EL NACIMIENTO DE LA CONGREGACIÓN DE LOS SAGRADOS CORAZONES

EL NACIMIENTO DE LA CONGREGACIÓN DE LOS SAGRADOS CORAZONES

Con motivo del 50 aniversario de la creación de nuestra parroquia de los Sagrados Corazones el profesor Manuel Leál Lobón pronunció una conferencia sobre los orígenes de la Congregación de los Sagrados Corazones. El auditorio estuvo bastante concurrido. Transcribimos el texto …

Con motivo del 50 aniversario de la creación de nuestra parroquia de los Sagrados Corazones el profesor Manuel Leál Lobón pronunció una conferencia sobre los orígenes de la Congregación de los Sagrados Corazones. El auditorio estuvo bastante concurrido …

 

EL NACIMIENTO DE LA CONGREGACIÓN DE LOS SAGRADOS CORAZONES

 


Sobre este periodo inicial de la historia de nuestra Congregación, es decir, de la época de los Fundadores: José María Coudrin y Enriqueta Aymer, se ha escrito suficiente. Y aunque se toma  1800 como el año de la fundación de la Congregación, no podemos olvidar los acontecimientos que tuvieron lugar con anterioridad a esta fecha, que constituyen el contexto histórico del nacimiento de nuestra familia religiosa.

 

Congregación de los SS.CC. nace y da sus primeros pasos en medio de una gran tormenta, un mundo convulso, como fue la Revolución Francesa. Un poco antes del estallido revolucionario, cuando el Antiguo Régimen apenas si podía sostenerse en medio de graves tensiones sociales y económicas; el 11 de agosto de 1767, nacía Enriqueta Aymer, en el seno de una familia de la nobleza rural. Fue educada acorde con su posición social. Un año más tarde, 1 de marzo de 1768, nacería Pedro Coudrin, hijo de campesinos, en su educación jugó un papel importante un tío suyo sacerdote, hermano de su madre. Con 17 años ingresó en la Universidad de Poitiers, donde cursó Filosofía y con 19 comenzó sus estudios de Teología. En 1790, con 22 años, recibe las órdenes menores y el subdiaconado. Pero en 1791, los padres ‘lazaristas’ (Sacerdotes de la Misión de San Vicente de Paúl), formadores del teologado, fueron obligados a abandonar el Seminario a causa de la Revolución. Pedro Coudrin, ya ordenado Diácono, obtuvo autorización para recibir el Presbiterado de manos de algún obispo que estuviera en comunión con Roma.

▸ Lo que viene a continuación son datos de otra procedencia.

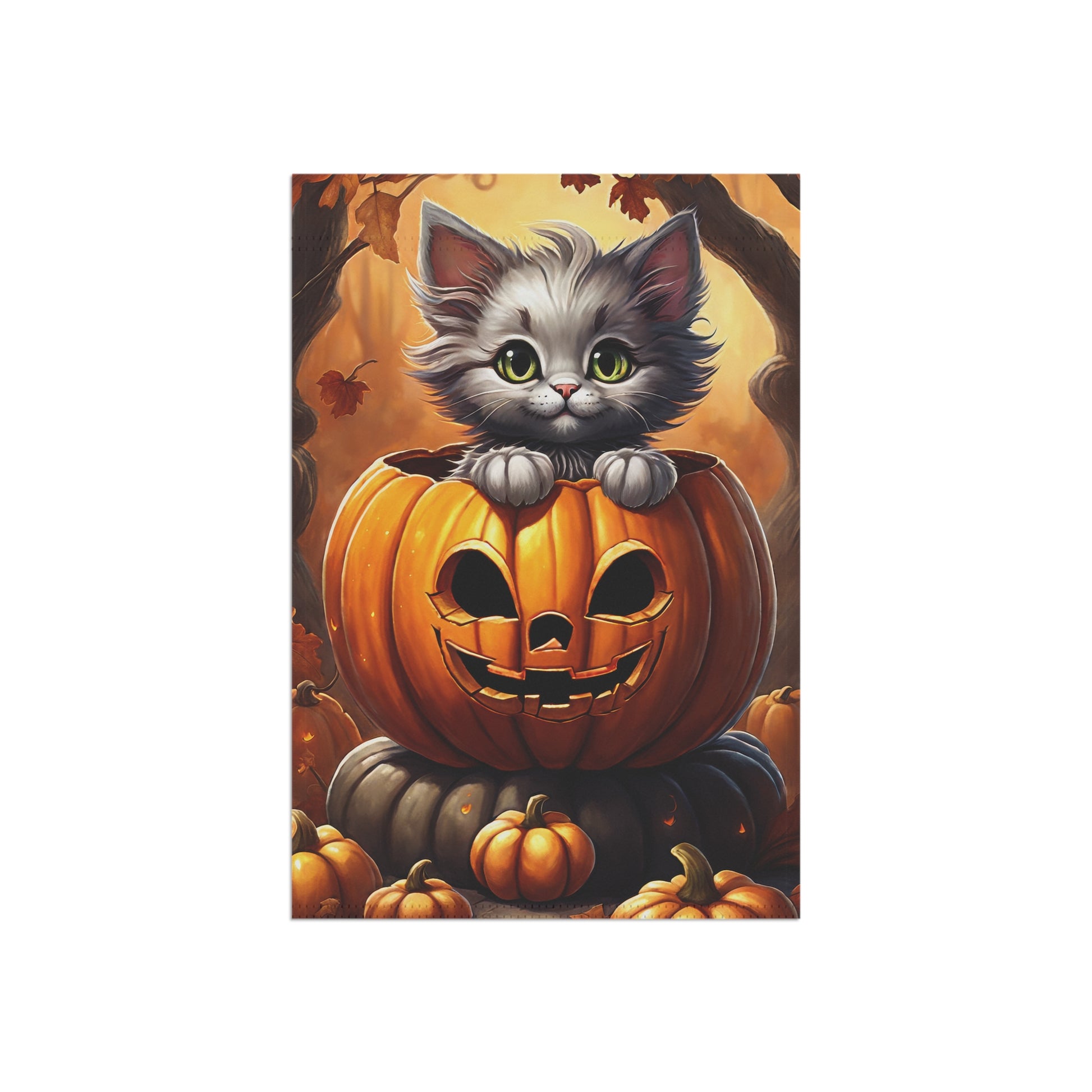 Bring charm to your Halloween decor with our adorable garden flag featuring a fluffy gray kitten peeking out of a carved jack-o'-lantern. Surrounded by pumpkins and autumn leaves, this delightful flag captures the magic of fall with a playful twist. A perfect way to welcome guests with spooky-cute vibes!

  Las crecientes tensiones sociales y económicas habían forzado a Luis XVI a convocar los Estados Generales para el 5 de mayo de 1789. Comenzaba el movimiento revolucionario, que en principio no iba contra la Iglesia, la religión o el clero. Aunque la Asamblea Constituyente tomara medidas para corregir los abusos de la Iglesia, sobre todo, en materia económica; fueron muchos los católicos: laicos y clérigos, que aplaudieron la Declaración de los Derechos del hombre y del ciudadano (1789). Pero muy pronto se tomaron medidas más radicales contra la Iglesia, como fueron la nacionalización los todos los bienes temporales de la iglesia para combatir la pobreza del pueblo, la promulgación de la Constitución Civil del Clero que convertía a la Iglesia en una Iglesia del Estado y se obligó a los sacerdotes a hacer el juramento de acatar dicha Constitución. Después de unos meses de indecisión por parte de la Santa Sede, el Papa condenará este juramento. Fueron muchos los sacerdotes que se retractaron del juramento hecho con anterioridad y junto a los que previamente se habían negado a jurar, constituyeron la Iglesia fiel a Roma abocada necesariamente a la clandestinidad y a la persecución.

 

En nombre de los principios revolucionarios se vieron afectadas la libertad de conciencia, de fe y la organización de la Iglesia. Así comenzaba la resistencia de los sacerdotes franceses no juramentados que se vieron obligados a trabajar pastoralmente en la clandestinidad. Y fueron perseguidos, exiliados y, con frecuencia, condenados a muerte. La Revolución comenzó a tomar medidas cada vez más extremas contra la Iglesia. Ante el peligro de una invasión militar extranjera a favor de la monarquía y de los posibles apoyos interiores de ésta, el Estado decidió que todos los movimientos contrarrevolucionarios, principalmente la nobleza y el clero, fueran considerados fuera de la ley, siguiendo la nueva Constitución francesa promulgada en 1791.

 

En 1792, la revolución llegó a su fase más cruda que culminó en el Terror. La Convención Nacional encarceló al Rey y declaró la República. Más de 40.000 sacerdotes fueron amenazados con la deportación. En París fueron masacrados más de un millar de prisioneros políticos, muchos de ellos eran sacerdotes. Unos meses más tarde, en 1793, moría decapitado Luis XVI; y en 1794 se impuso el régimen de Terror de la mano de Robespierre, centenares de personas fueron guillotinadas en los meses posteriores.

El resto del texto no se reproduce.